Sunday night’s 53rd Annual Grammy awards proved that 2010 was undoubtedly the year of the lady…Lady Antebellum that is. The country trio owned the night with five, out of a possible six, wins including awards for Song of the Year and Record of the Year. Find out what else Lady A took home as well as which other country artists received Grammys.

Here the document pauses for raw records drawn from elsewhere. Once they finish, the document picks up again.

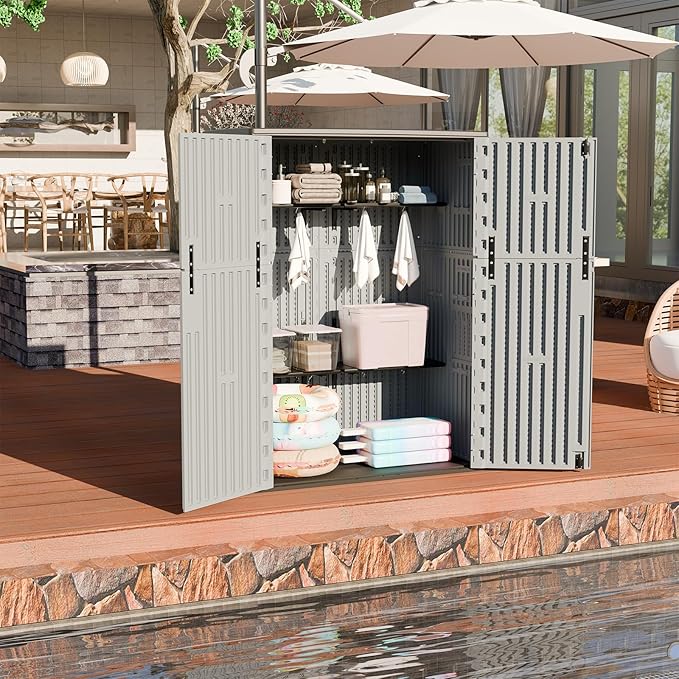 - 【Multi scenario application】This cabinet can be used both indoors and outdoors, providing you with the most convenient, safe, and reliable storage space whether placed on the balcony, garden, doorstep, or by the pool. Due to the double reinforcement of the material, its durability is greatly improved, and it is generally not a problem to use for 10 years.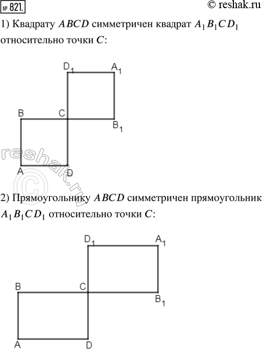 821. На нелинованной бумаге начертить: 1) квадрат со стороной 2 см; 2) прямоугольник со сторонами 2 см и 3 см. Построить четырёхугольник, симметричный данному относительно одной из его вершин.
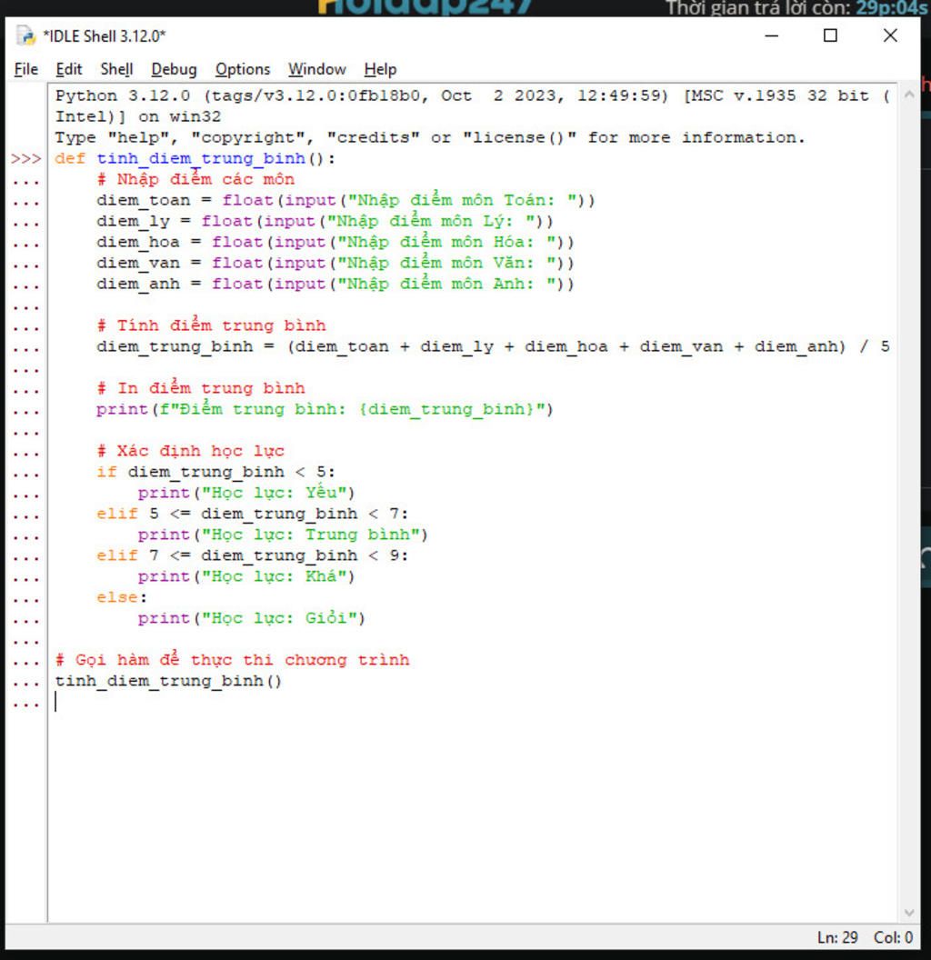 hãy sử dụng hàm py thon để tính điểm trung bình của học sinh và in ra màn hình console.bắt buộc phải dùng hàm để làm bài này

If we weren’t sure how to sum up the year 2010 in country music, then last night’s Grammys did for it us by using three simple words: “Need You Now.” The smash hit from Lady Antebellum claimed the all-genre Song of the Year and Record of the Year awards, beating favorites by Eminem, Cee Lo Green, and Jay-Z. In addition to those, the group also walked away with their second Best Country Vocal Performance by a Duo or Group trophy as they won for “Need You Now.” The smash also claimed Best Country Song honors while the group’s sophomore album, Need You Now, took home the Country Album of the Year award. The only award the group failed to win was the Album of the Year award which went to rock’s Arcade Fire for their album The Suburbs.
In other country categories, Miranda Lambert became a first time Grammy winner as she took home the Best Female Country Vocal Performance award for her brilliant performance of “The House That Built Me.” Keith Urban also nabbed his fourth Grammy by taking home the Best Male Country Vocal Performance for his hit “‘Til Summer Comes Around.” The Zac Brown Band also took home an award as their collaboration with Alan Jackson, “As She’s Walking Away,” upset favorite “Hillbilly Bone” for the Best Country Collaboration with Vocals award.
During the telecast, country was represented well with performances from Lambert and Lady A as well as Keith Urban, John Mayer, and Norah Jones offering a snippet of Dolly Parton’s “Jolene” to honor the Grammy Lifetime Acheivement Award recipient. Martina McBride was also featured in an all-star tribute to Aretha Franklin. That’s a wrap on this year’s Grammy awards! We’ll be talking more about awards shows when this year’s ACM’s approach.